Today Facebook repeatedly suggested I enable an automatic posting feature where a Facebook post gets posted as an Eyes on Texas Twitter post.

Not really understanding what this would do I enabled it, thinking that the Twitter tweet would somehow link back to the Facebook post.

Instead the Twitter tweet linked to the link in the Facebook post which linked to my original Dinosaur Valley State Park page on my Eyes on Texas website.

So, a person seeing the blurb of text on Twitter, when clicking on the link, does not go to the Facebook source of that text, instead they go where that text does not exist.


Below is the text in the post on Facebook about Dinosaur Valley State Park of which Twitter tweeted the first few words.....

The best hiking and mountain biking that I have experienced in North Texas has been in Dinosaur Valley State Park, located near Glen Rose and the Fossil Rim Wildlife Center. 
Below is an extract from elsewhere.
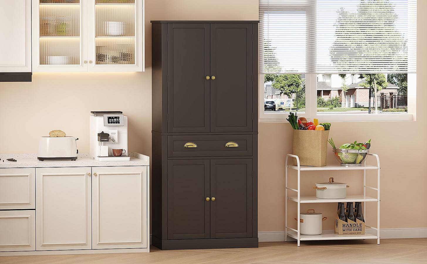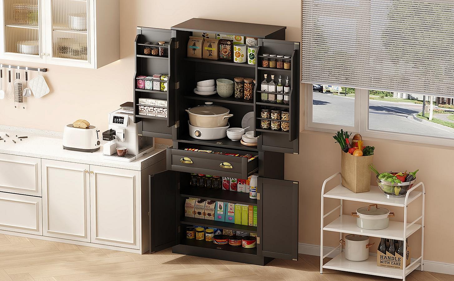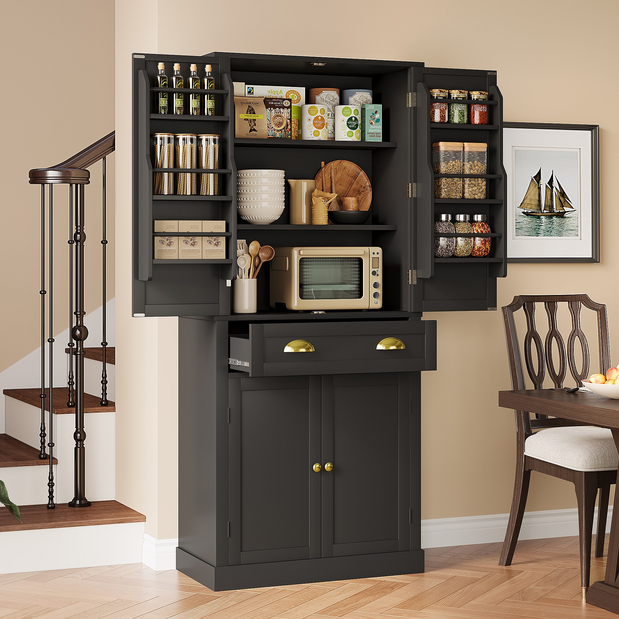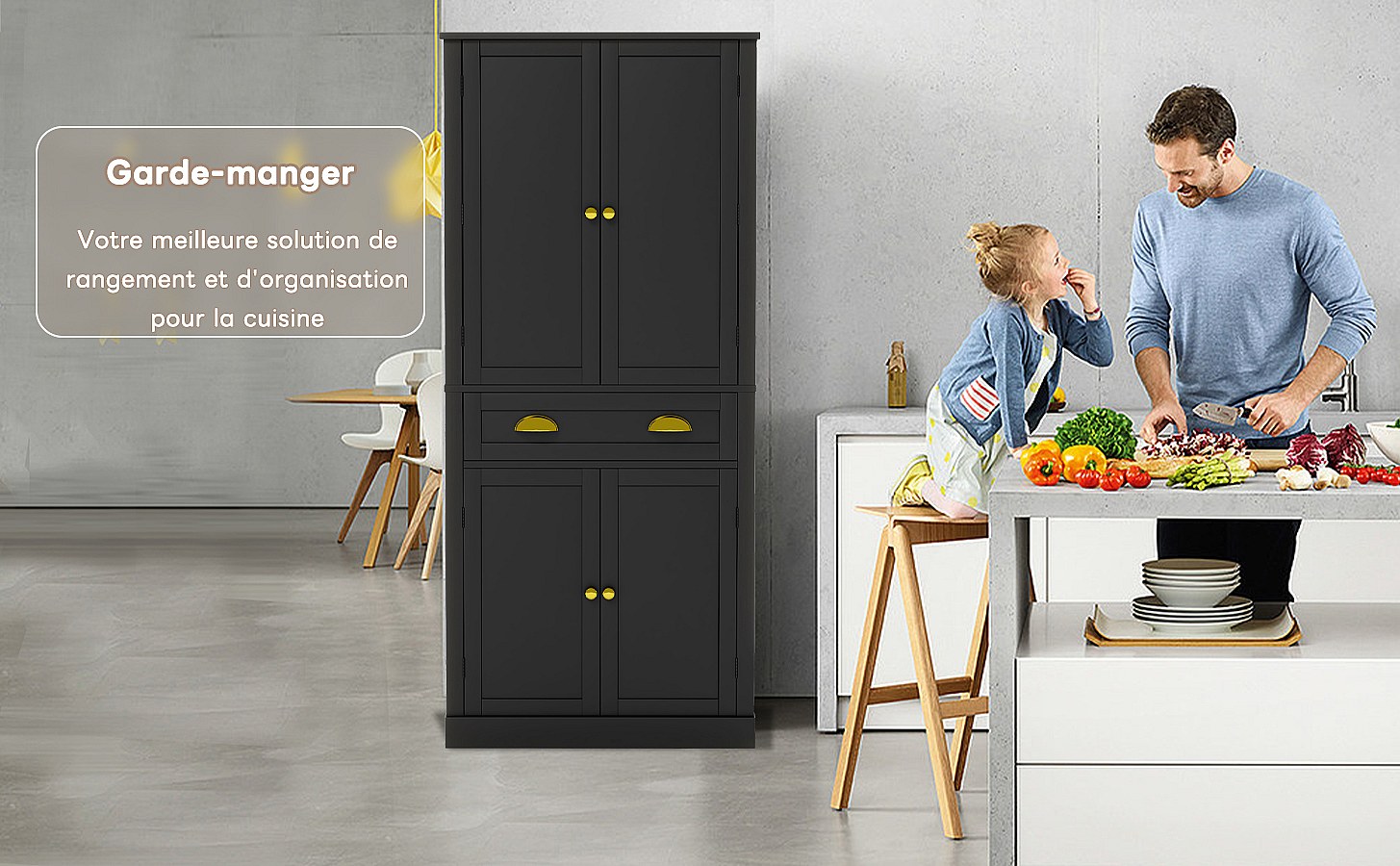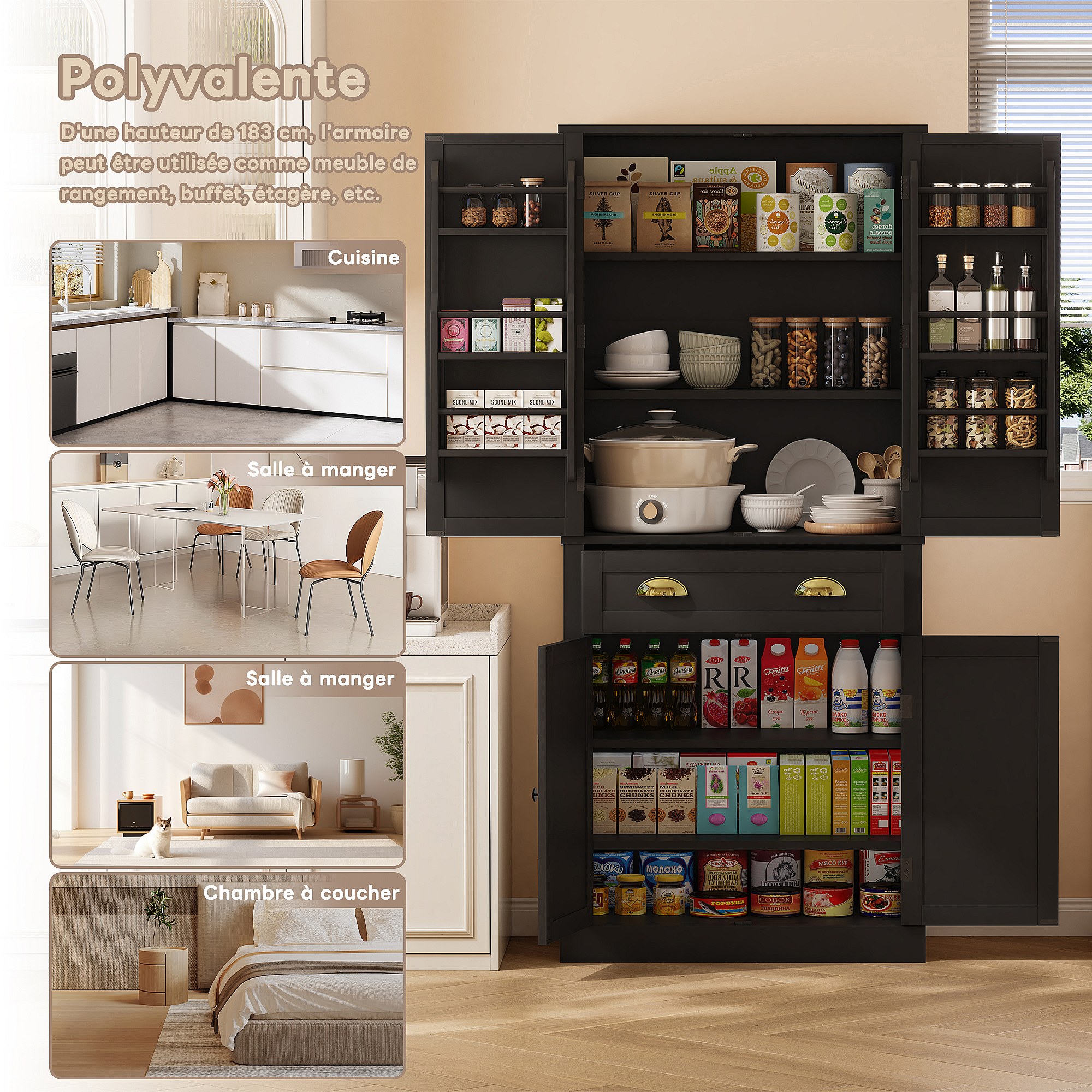 Zwarte opbergkast, 4 deuren en 1 lade, 6 vakken, 4 verstelbare planken, ideaal voor keuken, eetkamer, woonkamer

I sort of enjoy getting lost. 

I've been lost on the Dinosaur Valley trails both hiking and biking, with the best/worst lost experience occurring on a Christmas Day.

I did not realize the park would be pretty much empty on Christmas Day, with no one at the entry gate. I pedaled for hours, telling myself to keep track of the various junctions and colored trail markers.

But, as the sun began to set I realized I was not where I thought I was. 

I was lost. 

As darkness began to set in I began pondering hiding the bike in the brush and moving as fast as I could on foot. Right about then I got my bearings.

I think this may be the last time I've been lost.